Beijing's desire for stability along that border is partially behind its nearly unwavering support for the generals who run Myanmar, despite international concerns about the authoritarian regime, said Donald Seekins, a Myanmar expert at Meio University in Japan.

"Beijing is not 100 percent happy with the military regime, but it sees no viable alternative and will do everything it can to restore stability in the border area - including intensive negotiations and behind-the-scenes pressuring of the parties involved," he said.

On Monday, hundreds of refugees who've spent at least the past week in China were transported from camps to the border, where they
walked through the gate, clutching bags and blankets.
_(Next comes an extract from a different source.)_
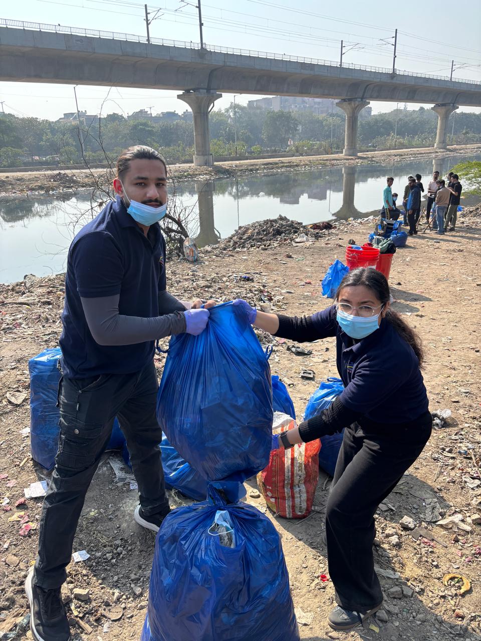On February 15, 2026, Help in Humanity Trust successfully organized the Yamuna Clean Up Drive near Vasundhra Enclave, New Ashok Nagar, in collaboration with Rotary International District 3011 and Rotaract Club of Ingenious Minds. The initiative aimed to promote environmental responsibility and encourage community participation in keeping public spaces clean.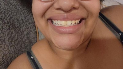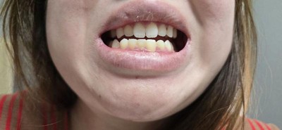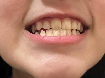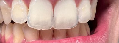 White teeth, purple toothpaste!

Yunnan provincial government spokesman Li Hui said at least 4,000 refugees
had returned to Myanmar by the end of the day Monday. About 9,000
remained in seven camps set up to house them in tents and makeshift
buildings. The rest are believed to be staying with friends and family, or are staying in hotels, or have left the area.
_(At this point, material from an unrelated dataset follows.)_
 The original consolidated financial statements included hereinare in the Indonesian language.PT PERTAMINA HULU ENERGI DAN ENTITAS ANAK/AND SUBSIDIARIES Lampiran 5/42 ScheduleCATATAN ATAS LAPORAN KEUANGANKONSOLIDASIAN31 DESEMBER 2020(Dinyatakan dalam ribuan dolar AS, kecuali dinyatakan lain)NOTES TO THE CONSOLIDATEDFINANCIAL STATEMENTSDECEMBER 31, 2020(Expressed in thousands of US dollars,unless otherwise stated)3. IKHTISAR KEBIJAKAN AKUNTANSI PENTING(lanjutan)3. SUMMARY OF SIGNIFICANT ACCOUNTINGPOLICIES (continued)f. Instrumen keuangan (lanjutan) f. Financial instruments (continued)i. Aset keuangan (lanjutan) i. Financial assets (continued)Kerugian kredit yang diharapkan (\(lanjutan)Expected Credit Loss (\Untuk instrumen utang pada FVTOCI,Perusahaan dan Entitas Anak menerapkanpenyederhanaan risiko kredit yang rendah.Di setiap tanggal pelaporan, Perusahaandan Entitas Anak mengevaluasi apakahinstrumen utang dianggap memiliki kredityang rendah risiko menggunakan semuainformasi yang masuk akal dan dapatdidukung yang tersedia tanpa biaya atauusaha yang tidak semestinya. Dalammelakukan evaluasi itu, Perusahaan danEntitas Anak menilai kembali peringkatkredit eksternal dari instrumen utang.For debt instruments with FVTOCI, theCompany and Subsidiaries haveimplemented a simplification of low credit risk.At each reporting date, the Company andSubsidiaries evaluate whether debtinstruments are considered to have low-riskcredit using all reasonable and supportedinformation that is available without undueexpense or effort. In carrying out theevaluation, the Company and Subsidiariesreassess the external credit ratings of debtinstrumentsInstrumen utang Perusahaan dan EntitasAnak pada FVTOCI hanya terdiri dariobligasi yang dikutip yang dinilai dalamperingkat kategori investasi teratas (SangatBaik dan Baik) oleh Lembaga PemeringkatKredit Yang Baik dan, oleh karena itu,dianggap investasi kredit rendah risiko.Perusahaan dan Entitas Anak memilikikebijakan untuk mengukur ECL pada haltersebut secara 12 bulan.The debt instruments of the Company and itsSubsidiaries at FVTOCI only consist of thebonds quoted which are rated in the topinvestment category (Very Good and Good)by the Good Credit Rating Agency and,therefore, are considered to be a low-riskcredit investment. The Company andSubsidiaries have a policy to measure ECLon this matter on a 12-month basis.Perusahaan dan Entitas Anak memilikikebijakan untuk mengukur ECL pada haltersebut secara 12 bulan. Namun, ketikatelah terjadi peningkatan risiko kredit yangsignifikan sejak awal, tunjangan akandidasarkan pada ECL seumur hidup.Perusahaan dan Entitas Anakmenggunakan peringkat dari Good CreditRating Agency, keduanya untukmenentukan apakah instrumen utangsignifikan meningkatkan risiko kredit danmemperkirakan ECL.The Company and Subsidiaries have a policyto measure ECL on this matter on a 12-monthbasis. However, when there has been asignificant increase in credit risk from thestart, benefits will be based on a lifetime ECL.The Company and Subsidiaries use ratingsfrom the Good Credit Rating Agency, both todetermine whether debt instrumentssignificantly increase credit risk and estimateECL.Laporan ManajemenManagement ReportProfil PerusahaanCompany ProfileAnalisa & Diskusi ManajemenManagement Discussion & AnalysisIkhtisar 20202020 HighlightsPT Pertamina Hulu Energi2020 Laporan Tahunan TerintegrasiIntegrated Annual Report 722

In addition to the thousands of civilians, hundreds of Kokang rebels fled during the fighting, surrendering their weapons and uniforms to Chinese border police and crossing to safety after several days of skirmishes.

Myanmar's junta said three days of clashes killed 26 government soldiers and at least eight rebels. It said Sunday night that the fighting had ended and "the region has now regained stability."
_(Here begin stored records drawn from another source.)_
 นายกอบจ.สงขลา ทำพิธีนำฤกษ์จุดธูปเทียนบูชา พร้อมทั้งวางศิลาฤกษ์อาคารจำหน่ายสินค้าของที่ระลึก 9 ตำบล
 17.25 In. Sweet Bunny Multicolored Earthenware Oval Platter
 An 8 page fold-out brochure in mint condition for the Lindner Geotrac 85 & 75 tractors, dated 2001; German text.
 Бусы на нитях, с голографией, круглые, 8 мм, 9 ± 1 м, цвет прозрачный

Since abandoning overt support for anti-government rebels two decades ago, China has built strong relations with Myanmar's ruling
junta while Chinese investors, traders, and shopkeepers have swarmed into the country's northeast.

The relationship has thrived through a tacit agreement under which Beijing provides economic opportunities and diplomatic support for the generals, who have been isolated internationally and face widespread condemnation over their human rights record and economic mismanagement.

In return, the generals ensured access to the country's mineral wealth and tried to address China's concerns over narcotics and unrest.

China's Foreign Ministry had no comment on the situation Monday, and Chinese government-backed scholars dismissed the notion of a major rupture in ties.

"China will develop friendly relations with Myanmar taking the overall situation into consideration," said Ma Ying, a professor at the Shanghai Institute of Foreign Studies.

But the clashes could threaten China's traditional arrangement with Myanmar, analysts say.

The conflict highlights the "imperviousness of the Burmese regime to international opinion, and the limitations of even China ... to have much influence in a crunch," said Sean Turnell, a Myanmar expert at Australia's Macquarie University.